And it is no wonder, then, that the practice could have been exported from
Egypt to Rome - in those days. This contestation becomes more valid, if one
remembers that a good part of the Holy Bible, the greatest arsenal of Catholic
Rome, was copied from the ancient Egyptian social fanaticism (the African
Bible, 2000).
The third lane
through which the Ukueke system reached Isekiri was the Quakers of America.”The
traditional date of the origin of the Society of Friends is 1652”. It got to
America as a socio-religious system when Roman Catholicism and its hard
fanaticism griped America in its missionary days.
Something inhered in
the Quakers' System as it came from America among Isekiri (Ukweke System); and judging these "Cultural congruencies"(Rewane, 1987) as a cultural
superiority of the Isekiri, Isekiri neighbours could pounce on them each time
the Quakers (Ukwekes) are at show. Some of
these similarities are:
a.
"Quakers' Meetings" were essentially
periods of group
silence during which each person sought God's Guidance; and during which those
who received divine messages could speak
up. Also Ukwekes were/are usually a silent lot. From start to finish of
the Kweke's parade, Ukweke dared/dare not talk. Though an Ukweke who receives good suggestions/messages could say them,
b.
Quakers did not discriminate against women in
the ministry
of God. All should share in the ministry. Ukweke also believed in the equality
of men and women,
believing each gender as a representative representation of
the divine mind of God. Hence both men and women could be dressed as Ukwekes.
c.
Quakers were simple and nonviolent. Ukwekes are
also simple, non-noisy and would never quarrel or fight during the Ukweke Parade.
d.
Quaker started as a society of friends (1652) (Awake: Nov, 2006).
Also, Ukwekes at a particular show see every other partaker as a close person
who is to be taken closer to the gathering of the ancestors and the spirits of
the dead, by the Ukwekes Socio-religious
consciousness.
e.
Quakers (Ukwekes) show during burial ceremonies
serves as man's acceptance of the will of God in allowing the death to happen.

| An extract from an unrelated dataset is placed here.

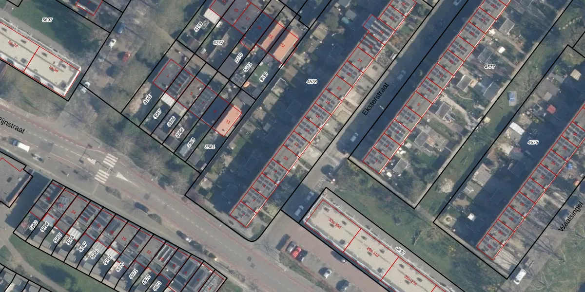 Het perceel waarop Eksterstraat 12 staat heeft een oppervlakte van 3010 m². Dit is een zeer groot perceel. De perceeloppervlakte wordt geregistreerd door het Kadaster. Gedetailleerde informatie over de maten van dit perceel kunt u vinden in het rapport Kadastrale kaart met maatvoering van Eksterstraat 12.

From the theological point of view, the Ukwekes, in their glory,
honour, beauty and message, represent a
divine comfort and consolatory mechanism to those with eyes full of
tears as the spirit of the dead finally departs. In the same way, the Quakers
were founded by George Fox (1624 - 1691 ) in
order to discuss directly with, and seek comfort from,
God without human medium.
All
these high things of the Quakers of America, with its origin in Rome, with its
origin in Egypt, prevalent in the Ukweke system of Isekiri, itch some Isekiri neighbours who see Isekiri at show as
proud.
Pioneers of Ancient Civilization
The Warri Kingdom, home of the
Isekiri, has been renowned as a centre of
indigenous civilization in the Niger Delta. There are various aspects of
Isekiri civilization: cloth weaving, bead manufacturing, pottery, iron
smelting etc. These
various aspects of civilization make the Isekiri man stands unique amidst
his neighbours. When, like a peacock, he flaunts the embers of this unique
civilization, his neighbours say "He is proud and outrightly
arrogant",
Kingdom Evolution
The ancient
civilization of the Isekiri gave them the economic impetus to control long
distance trade routes. The economic mechanism to control the long distance
trade route evolved the Warri kingdom. In the Western Delta an area spanning
Isekiri, Urhobo5 Isoko, Ukwani, Aboh and Ijoh there were only two
kingdoms (monarchies):
Warri and Aboh (Obaro Ikirne; 1990). Since the evolution of a kingdom means a
group is more organized
and centralized, manifestation of these monarchical tendencies, even in modern
times, is judged by the neighbours for
arrogance or pride. Is this pride? Is it not the uncontrollable
manifestation of the unique attribute of the
people? (Obi of Owa, 1987).
Warri is also unique in that it is the only
people among all her immediate neighbours, with the exception of
Benin, to have evolved a kingdom. Even at the time, llaje was not a kingdom,
though an ancient mini state, perhaps senior in her group. This is why Obayemi
(1977:220) remembers that "their
political history revolves around the better known centres of Ijebu Ode,
Ode Ondo, Idanre, Ile-Oluji, Ode Isekiri, Owo (Ogho) and the smaller towns
of Ikale and llaje". The smaller towns are the 'provinces and mini states'. The Ikale and llaje provinces are
ancient, no doubt. In fact, a section of Ugborodo, Ureju and Omadino
belong to the same historical process with the llaje and Ikale mini states.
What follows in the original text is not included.